No pictures belong in the copy, but every line of the material below must be reproduced exactly.
==============================
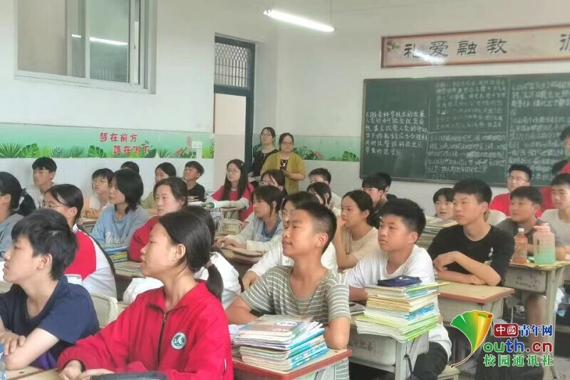 图片发自中青校园App图为学生认真听实践队员讲课,学校老师在教室后面进行指导和维持纪律的画面。中国青年网通讯员 崔婧 摄
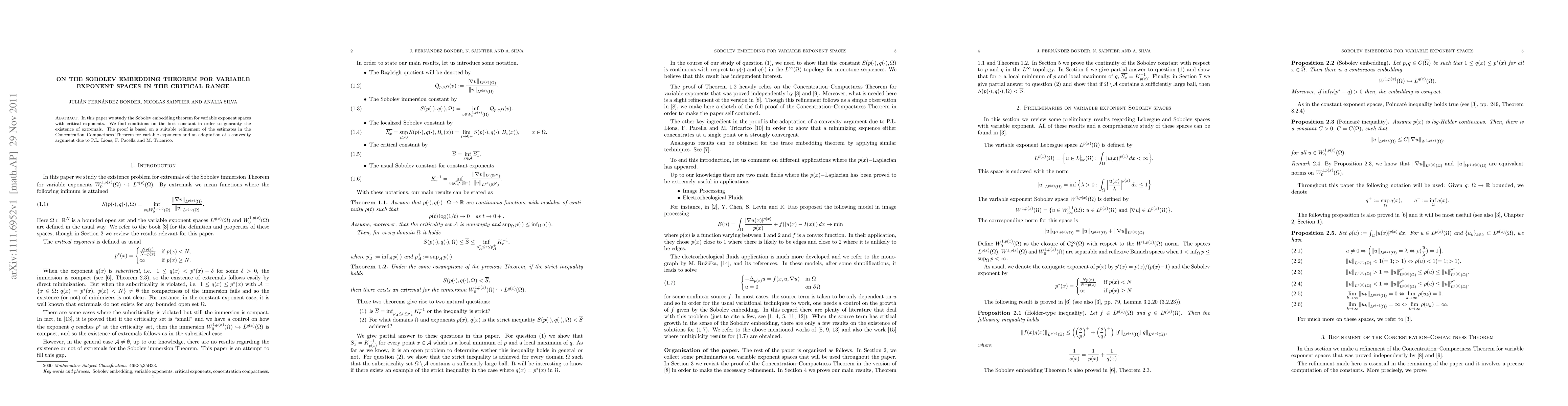 This paper investigates the Sobolev embedding theorem for variable exponent spaces at critical exponents, establishing conditions for the existence of extremals. The proof leverages refined estimates from the Concentration-Compactness Theorem and an adapted convexity argument from the work of P.L. Lions, F. Pacella, and M. Tricarico.
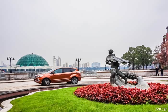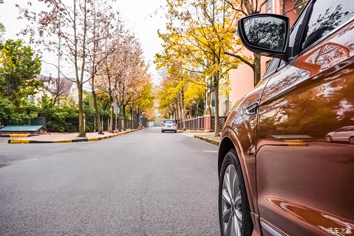 2019款翼虎一如既往给人一股运动、硬派、时尚的视觉效果,峡谷棕的车漆色彩加上美式硬朗的肌肉线条,与松江美术馆的棕色外墙搭配在一起格外的协调。
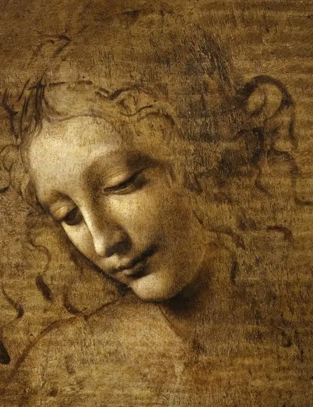 Like many of Leonardo’s portraits, the identity of the woman in La Scapigliata remains unknown. Some art historians speculate that she could have been a member of Leonardo’s circle or possibly a model for a larger, unfinished composition. Given the gentle, serene expression on her face, she may have been intended as a depiction of an idealized woman, perhaps a divine or symbolic figure.
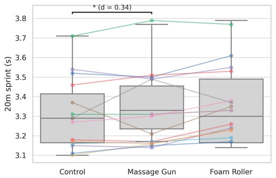 | 20 m sprint (s) | 3.31 ± 0.18 | 3.37 ± 0.17 * ^ | 3.32 ± 0.19 ^ | <0.01 |
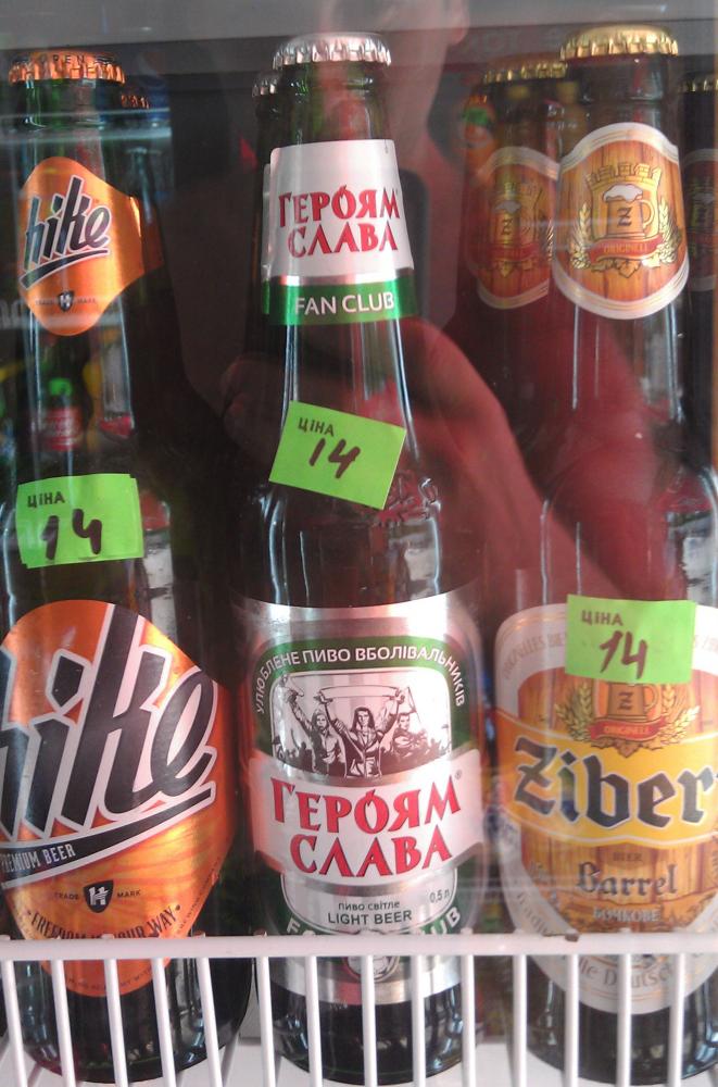 Да, вот еще ценники пива в Ильичевске в ларьке. А это эксклюзив! Пиво "Героям слава!" |
==============================
▶ Result of this exercise:
 图片发自中青校园App图为学生认真听实践队员讲课,学校老师在教室后面进行指导和维持纪律的画面。中国青年网通讯员 崔婧 摄
 This paper investigates the Sobolev embedding theorem for variable exponent spaces at critical exponents, establishing conditions for the existence of extremals. The proof leverages refined estimates from the Concentration-Compactness Theorem and an adapted convexity argument from the work of P.L. Lions, F. Pacella, and M. Tricarico.
 2019款翼虎一如既往给人一股运动、硬派、时尚的视觉效果,峡谷棕的车漆色彩加上美式硬朗的肌肉线条,与松江美术馆的棕色外墙搭配在一起格外的协调。
 Like many of Leonardo’s portraits, the identity of the woman in La Scapigliata remains unknown. Some art historians speculate that she could have been a member of Leonardo’s circle or possibly a model for a larger, unfinished composition. Given the gentle, serene expression on her face, she may have been intended as a depiction of an idealized woman, perhaps a divine or symbolic figure.
 | 20 m sprint (s) | 3.31 ± 0.18 | 3.37 ± 0.17 * ^ | 3.32 ± 0.19 ^ | <0.01 |
 Да, вот еще ценники пива в Ильичевске в ларьке. А это эксклюзив! Пиво "Героям слава!" |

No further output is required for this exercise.